_ABOUT THIS EXERCISE_
Restate, in full and unchanged, the entries that follow, but not their pictures.

_INPUT DATA_
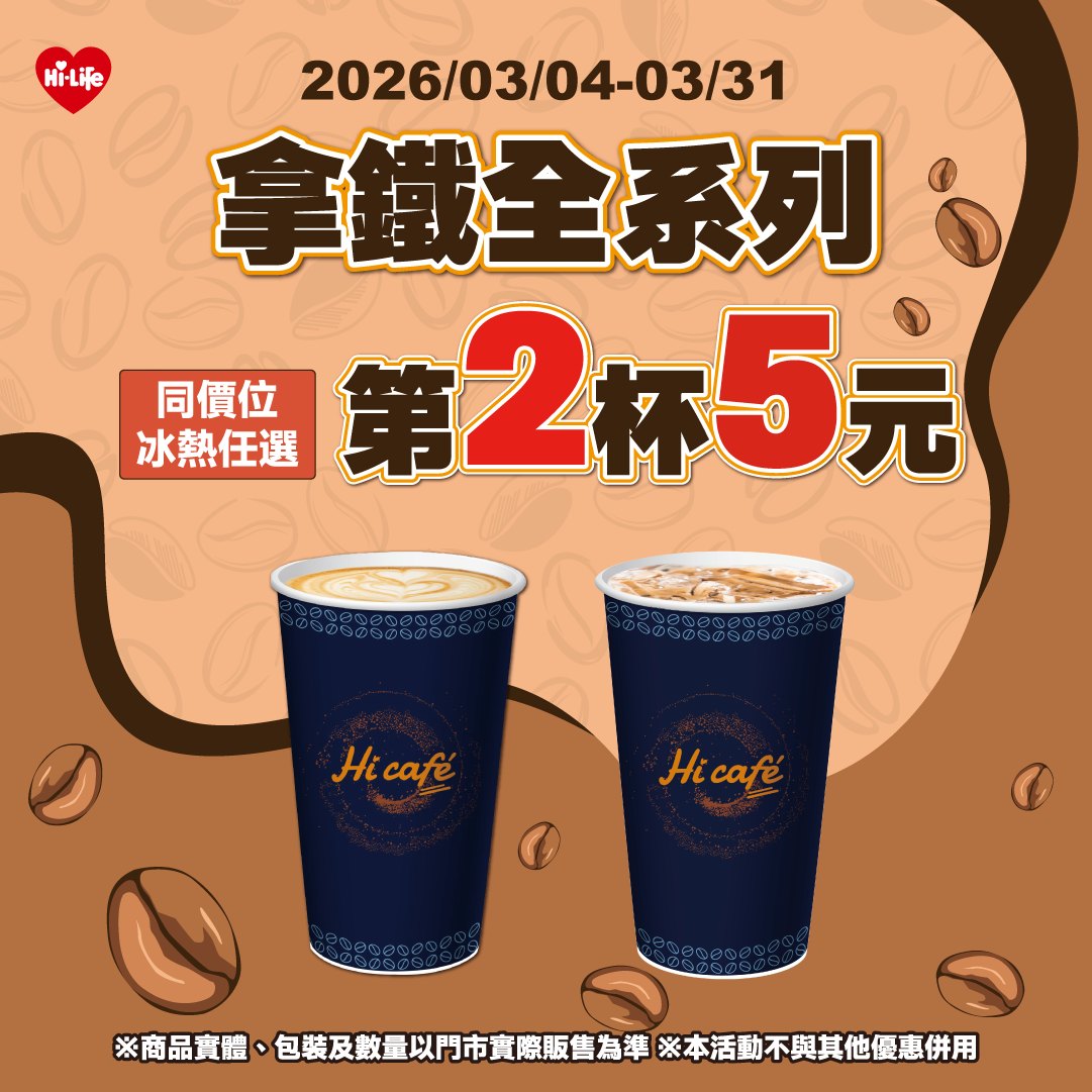 - 拿鐵全系列同價位冰熱任選第2杯只要5元
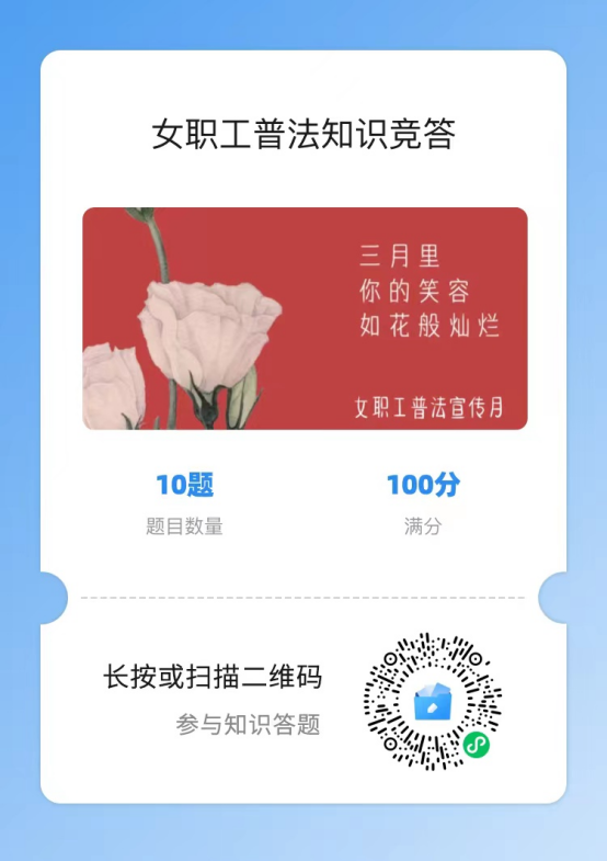 本次普法知识竞答活动,将普法与男女平等基本国策相结合、与保护女职工合法权益的相关法律法规相结合,向女职工们弘扬法治精神,普及法律知识,增强女职工依法维权意识,题目主要涵盖《中华人民共和国妇女权益保障法》、《女职工劳动保护特别规定》等法律法规政策。
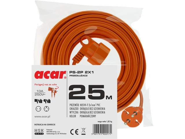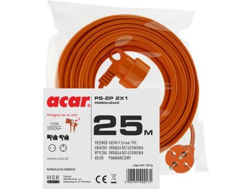Profesjonalny przedłużacz ogrodowy marki ACAR o długości 25 metrów to wysokiej jakości produkt. Produkt jest w kolorze pomarańczowym i nie posiada uziemienia. Producent zadbał tutaj o przewody H05VV-F, których przekrój zapewni znaczną poprawę pracy nawet najbardziej wymagających urządzeń ogrodowych. Izolacja zapewni wyjątkowe bezpieczeństwo oraz wytrzymałość na uszkodzenia.
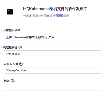 而由于我们在代码仓库中的配置并非我们最终部署时所需的配置(经过编译构建修改docker-server等参数),所以我们需要每个步骤都设置软件发布库中对应的yaml文件。此时,我们会发现,我们原本的构建任务是将所有yaml文件进行了打包压缩后才上传的,没有办法直接选中。所以,我们可以再次创建一个构建任务或者在原有构建任务上进行修改,以使软件发布库中存放有所有的yaml文件。
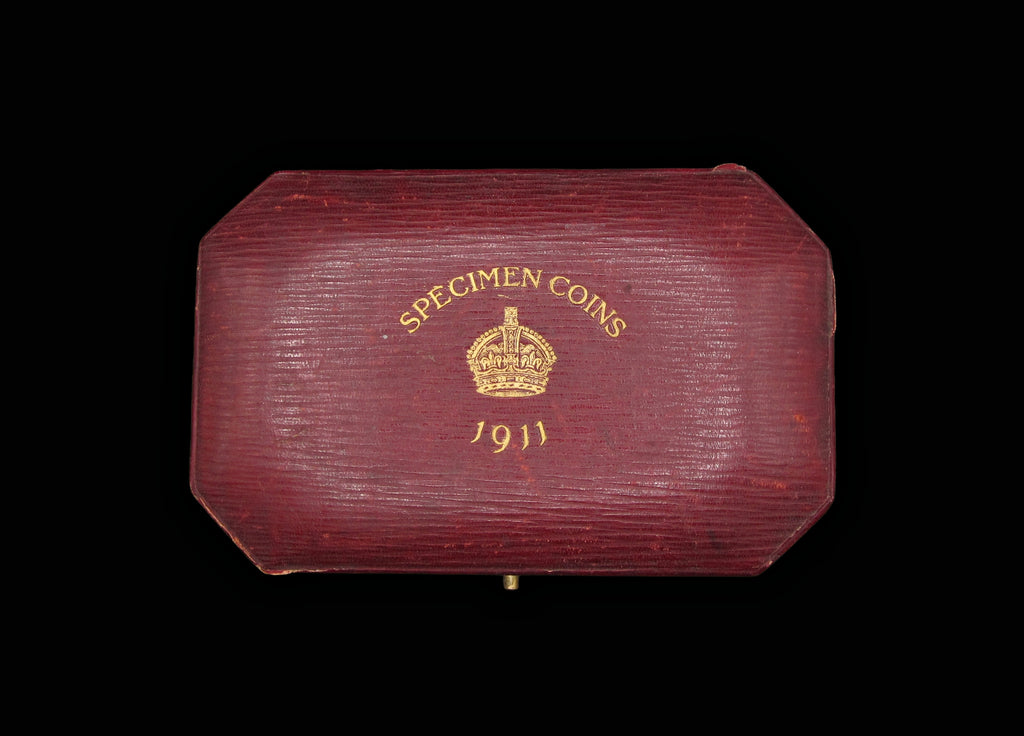 Original Royal Mint hard case for the 1911 8 coin proof set from Halfcrown to Maundy Penny.
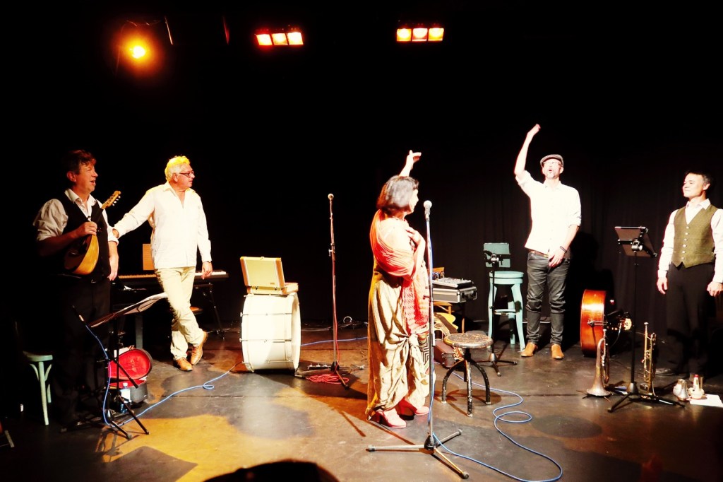 Rachelina, Gesang. Manfred Wittlich, Gitarre/ Mandoline; Hans-W. Weber, Klavier/ Keyboard; Michele Castellarin, Mundharmonica/ Marschtrommel; Thomas Langlotz, Kontrabass/ Gitarre; Aki Ruhl, Trompete/ Flügelhorn/ Kontrabass. Wunderbare Musiker, tolles Konzert. GROSSES KINO eben.
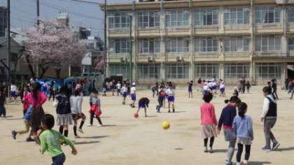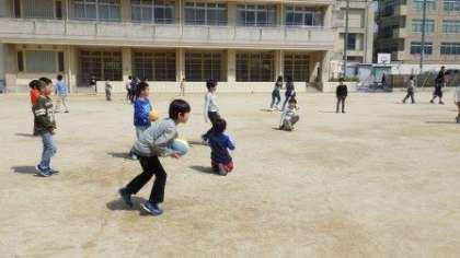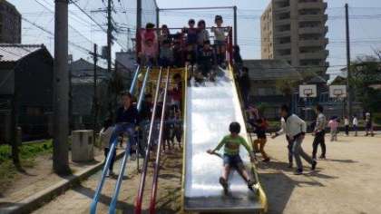 遊具が大人気です。たくさんの子どもたちが外で遊んでいます。
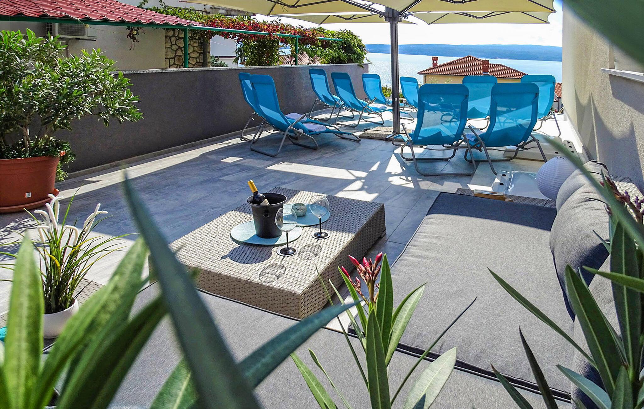 Dank seiner Lage außerhalb des Stadtzentrums ist es die Unterkunft eine wahre mediterrane Oase der Ruhe. Ganz gleich, ob Sie auf der Suche nach etwas Luxus sind oder ein Liebhaber von Grün und Meeresblau sind. Verbringen Sie viele Stunden am nahen Strand und planen Sie auch Tagesausflüge auf die goldene Insel Krk oder besuchen die Hafenstadt Rijeka.

_TASK SOLUTION_
 - 拿鐵全系列同價位冰熱任選第2杯只要5元
 本次普法知识竞答活动,将普法与男女平等基本国策相结合、与保护女职工合法权益的相关法律法规相结合,向女职工们弘扬法治精神,普及法律知识,增强女职工依法维权意识,题目主要涵盖《中华人民共和国妇女权益保障法》、《女职工劳动保护特别规定》等法律法规政策。
Profesjonalny przedłużacz ogrodowy marki ACAR o długości 25 metrów to wysokiej jakości produkt. Produkt jest w kolorze pomarańczowym i nie posiada uziemienia. Producent zadbał tutaj o przewody H05VV-F, których przekrój zapewni znaczną poprawę pracy nawet najbardziej wymagających urządzeń ogrodowych. Izolacja zapewni wyjątkowe bezpieczeństwo oraz wytrzymałość na uszkodzenia.
 而由于我们在代码仓库中的配置并非我们最终部署时所需的配置(经过编译构建修改docker-server等参数),所以我们需要每个步骤都设置软件发布库中对应的yaml文件。此时,我们会发现,我们原本的构建任务是将所有yaml文件进行了打包压缩后才上传的,没有办法直接选中。所以,我们可以再次创建一个构建任务或者在原有构建任务上进行修改,以使软件发布库中存放有所有的yaml文件。
 Original Royal Mint hard case for the 1911 8 coin proof set from Halfcrown to Maundy Penny.
 Rachelina, Gesang. Manfred Wittlich, Gitarre/ Mandoline; Hans-W. Weber, Klavier/ Keyboard; Michele Castellarin, Mundharmonica/ Marschtrommel; Thomas Langlotz, Kontrabass/ Gitarre; Aki Ruhl, Trompete/ Flügelhorn/ Kontrabass. Wunderbare Musiker, tolles Konzert. GROSSES KINO eben.
 遊具が大人気です。たくさんの子どもたちが外で遊んでいます。
 Dank seiner Lage außerhalb des Stadtzentrums ist es die Unterkunft eine wahre mediterrane Oase der Ruhe. Ganz gleich, ob Sie auf der Suche nach etwas Luxus sind oder ein Liebhaber von Grün und Meeresblau sind. Verbringen Sie viele Stunden am nahen Strand und planen Sie auch Tagesausflüge auf die goldene Insel Krk oder besuchen die Hafenstadt Rijeka.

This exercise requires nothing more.